INFORMATION SHOWN:
'''

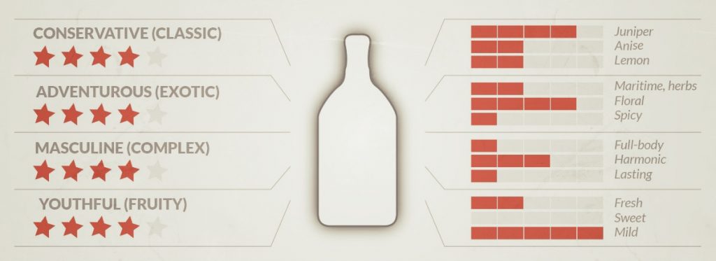 Mit Hilfe der vier Hauptkategorien (die sich aus den jeweiligen Ausprägungen der 12 Subkategorien ergeben) soll ein Gin grundsätzlich charakterisiert werden.
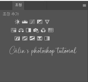 ◎ 조정(Adjustments) 패널 : 명도, 대비, 색조, 채도 등 보정 기능을 모아놓은 패널입니다. 아이콘을 클릭하면 속성 패널이 열리며 각 기능의 세부 사항을 조정할 수 있게 됩니다.
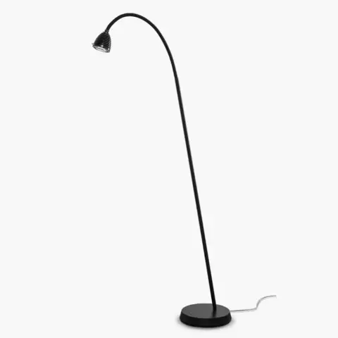 Standleuchte aus Aluminium / 25 – 100° stufenlos einstellbarer Abstrahlwinkel durch Glaslinsenoptik / robuste Flexwelle mit gebürsteter Aluminiumoberfläche oder farbigem Textilüberzug / Tastdimmer am Rohr / Standfuß aus satiniertem Edelstahl / Zuleitung 150 cm transparent / Betrieb über jede 2A USB Buchse möglich / inkl. USB Steckernetzteil
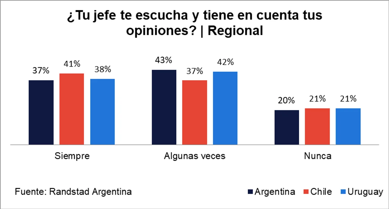 Caso contrario sucede con el 20% de los argentinos, el 21% de los uruguayos y el 21% de los chilenos, que aseguran que su jefe nunca tiene en cuenta sus opiniones.

'''

PROBLEM:
Exclude the pictures. Write out the remaining data exactly.

WRITTEN RESPONSE:
 Mit Hilfe der vier Hauptkategorien (die sich aus den jeweiligen Ausprägungen der 12 Subkategorien ergeben) soll ein Gin grundsätzlich charakterisiert werden.
 ◎ 조정(Adjustments) 패널 : 명도, 대비, 색조, 채도 등 보정 기능을 모아놓은 패널입니다. 아이콘을 클릭하면 속성 패널이 열리며 각 기능의 세부 사항을 조정할 수 있게 됩니다.
 Standleuchte aus Aluminium / 25 – 100° stufenlos einstellbarer Abstrahlwinkel durch Glaslinsenoptik / robuste Flexwelle mit gebürsteter Aluminiumoberfläche oder farbigem Textilüberzug / Tastdimmer am Rohr / Standfuß aus satiniertem Edelstahl / Zuleitung 150 cm transparent / Betrieb über jede 2A USB Buchse möglich / inkl. USB Steckernetzteil
 Caso contrario sucede con el 20% de los argentinos, el 21% de los uruguayos y el 21% de los chilenos, que aseguran que su jefe nunca tiene en cuenta sus opiniones.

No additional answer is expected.